SES: Bridging the Gap Between Explainability and Prediction of Graph Neural Networks

TL;DR

This paper introduces SES, a self-explained and self-supervised GNN that jointly improves prediction accuracy and interpretability by generating explanations during training and enhancing representations through contrastive learning.

Contribution

SES uniquely combines explainable training with contrastive learning to improve both interpretability and prediction performance of GNNs.

Findings

SES produces high-quality explanations of node features and subgraphs.

SES improves prediction accuracy through contrastive learning.

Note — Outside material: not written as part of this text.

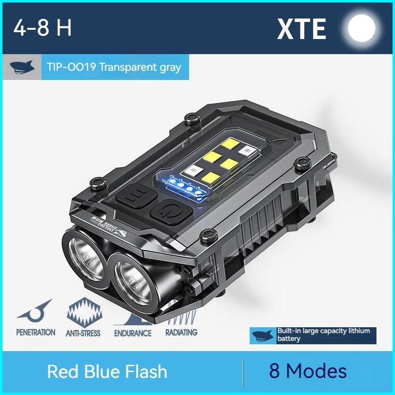 Senter Mini Smiling Shark Tip0019 Smilingshark Tip 0019 Cob Magnet Keychain Type-c Rechargeable 8modes Waterproof
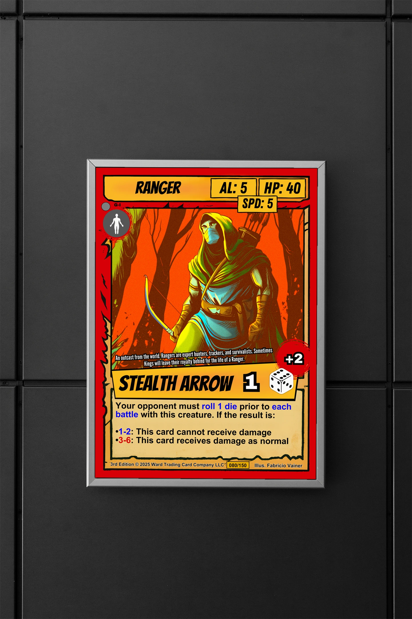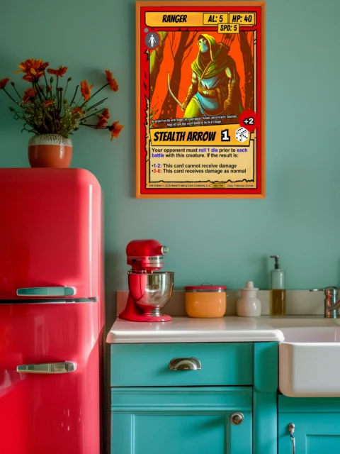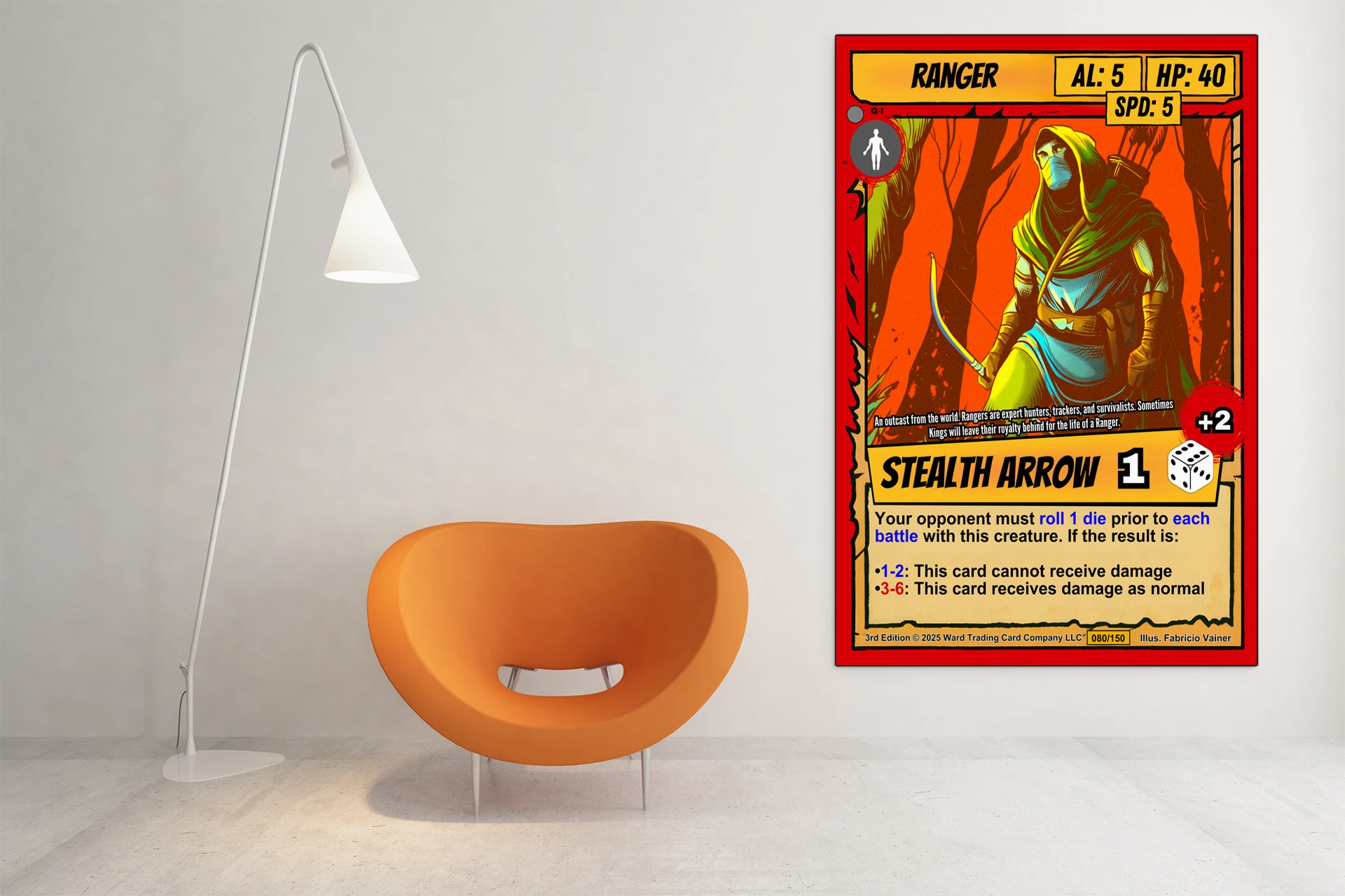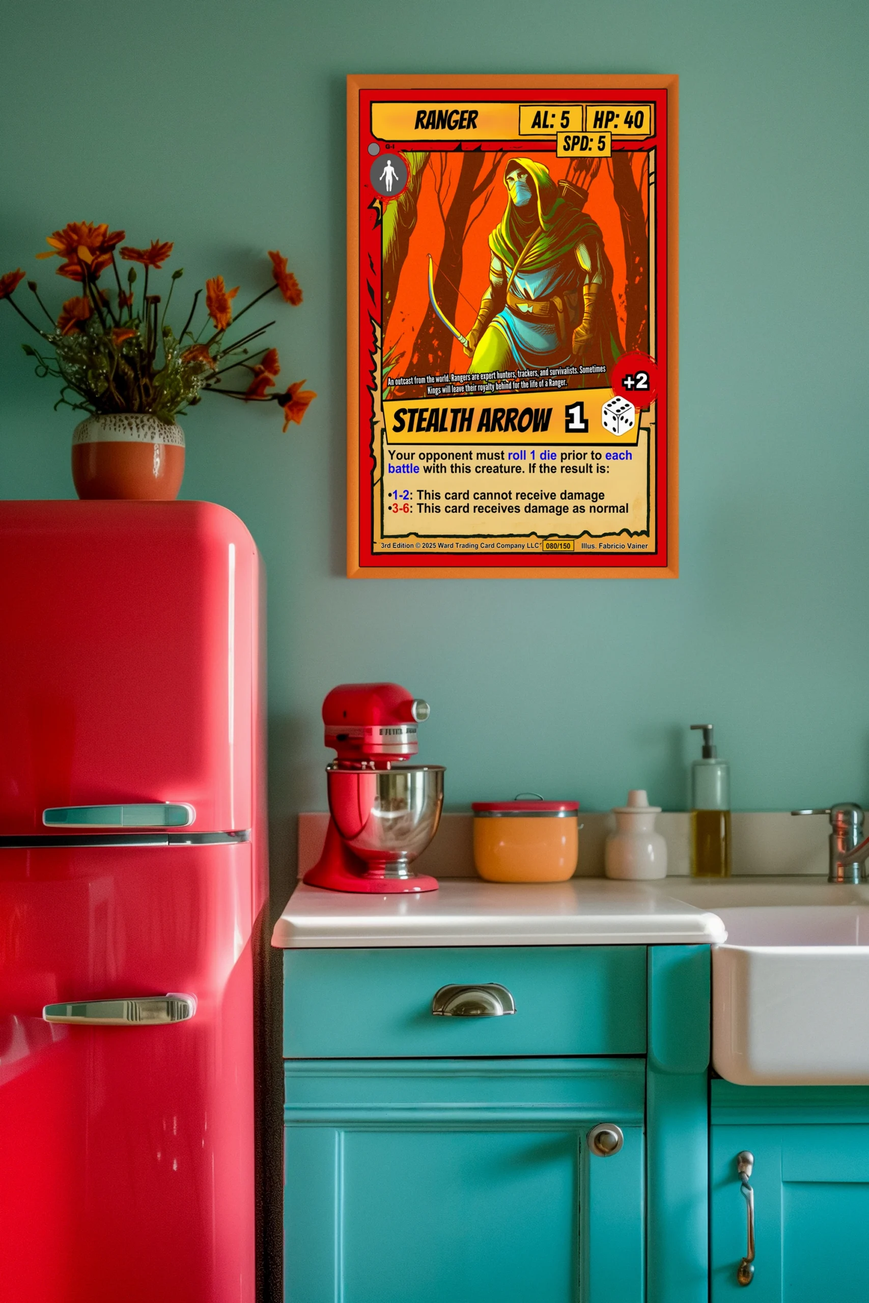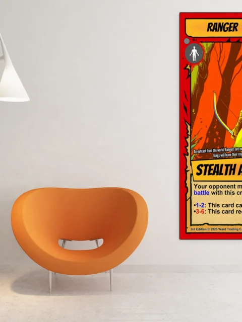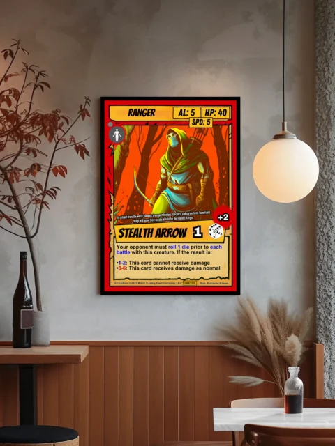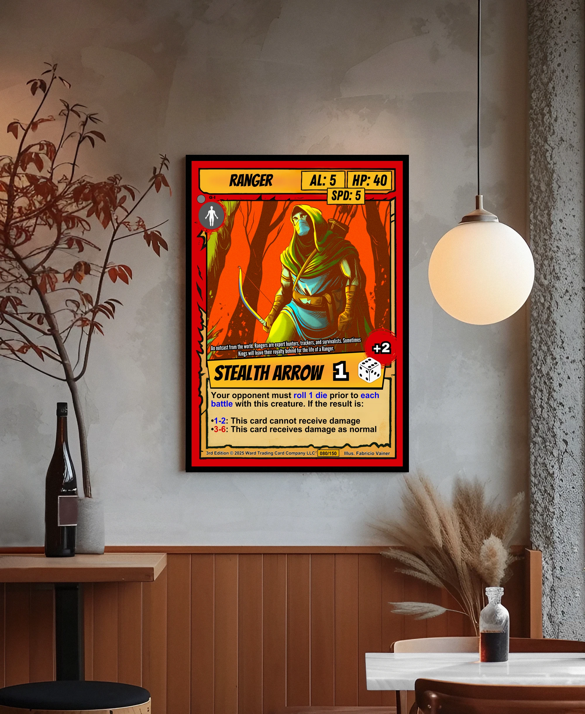 Owning this marks you as someone who values classic TCG artistry over mass market trends. Collectors recognize Vainer’s distinctive 1990s comic style and Ward’s BoardGameGeek credibility. Particularly, this ranger trading card canvas print speaks to those who appreciate gaming heritage.

SES reduces explanation generation time compared to existing methods.

Abstract

Despite the Graph Neural Networks' (GNNs) proficiency in analyzing graph data, achieving high-accuracy and interpretable predictions remains challenging. Existing GNN interpreters typically provide post-hoc explanations disjointed from GNNs' predictions, resulting in misrepresentations. Self-explainable GNNs offer built-in explanations during the training process. However, they cannot exploit the explanatory outcomes to augment prediction performance, and they fail to provide high-quality explanations of node features and require additional processes to generate explainable subgraphs, which is costly. To address the aforementioned limitations, we propose a self-explained and self-supervised graph neural network (SES) to bridge the gap between explainability and prediction. SES comprises two processes: explainable training and enhanced predictive learning. During explainable training, SES employs a global mask generator co-trained with a graph encoder and directly produces crucial structure and feature masks, reducing time consumption and providing node feature and subgraph explanations. In the enhanced predictive learning phase, mask-based positive-negative pairs are constructed utilizing the explanations to compute a triplet loss and enhance the node representations by contrastive learning.